So much for the First Order of Franciscans.

                      

              The Second Order of Franciscans is that of the Poor Clares, which is for women, named after Saint Clare, co-founder in 1212, when she indicated to Francis that she wished also to be a member of the new Order.  The nuns, however, could only live the more conventional lives of sisters at this time, and remained strictly enclosed, practicing an austere life, dependent on alms for material needs in keeping with the Rule's insistence on poverty. 

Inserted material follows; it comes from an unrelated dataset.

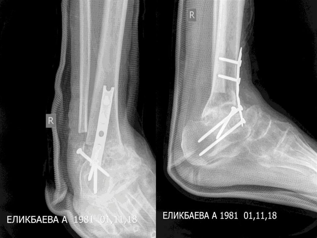 Операция: оң тобық буынының артродезі.

                Finally, the Third Order (Tertiaries), like Benedictine Oblates, is for the laity, both men and women, who wish to adapt the Rule of Francis to their condition of life in the secular world.  From the first, laymen from every social class sought a connection with the Franciscan Rule, counting in their ranks King Louis of France, Galileo, Dante, Leonard da Vinci, Cervantes, Columbus, Giotto, and women of royal rank as well as those of humbler birth.


Francis' Mission    

                  Since Francis' reform was to go out into the world and preach to all everywhere, as Jesus had done and as He bid his apostles to do.  Francis was deliberately turning his back on the cloister with its insistence on stability and isolation from the world.  What the Church needed, he, and his contemporary, Dominic, would supply by creating two Orders of mendicant friars who would preach the gospel to those who were ignorant of Scripture or in error of its message.

                  We are only concerned today with Francis himself rather than the complex issues that emerged  during his lifetime and led to the other types of friar based on the interpretation of poverty and ministry, and the attempts to resolve the conflict between the active and the contemplative life.


Francis and His Rule

               In April of 1209, Francis and a small group of companions, perhaps 12 in imitation of the Apostles, presented themselves before Pope Innocent III, under whom the medieval church reached the height of its power throughout Christendom.  The hope was to gain approval of a rule of religious life, still in provisional form, which stressed the apostolic life of preaching the gospel to all while practicing literally Jesus' emphasis on Poverty and humility as the chief characteristics of this new order, a long overdue corrective of the monastic orders, which had been corrupted by wealth and privilege, having lost sight of their founders' vision, spoiled, as it were, by worldly success.  Pope Innocent, recognizing the sincerity of Francis, acknowledging the worthiness and need for such an initiative, gave his oral assent, but was advised by his practical counselors to postpone formal approval until provision was made for sustaining an Order without material resources for support.  The Pope's successor, Honorius II, in 1223 gave official sanction to a second draft of the Rule, eager to enlist the services of what had become an enthusiastic movement of dedicated men which, within ten years of its formation, numbered more than 3000 members.   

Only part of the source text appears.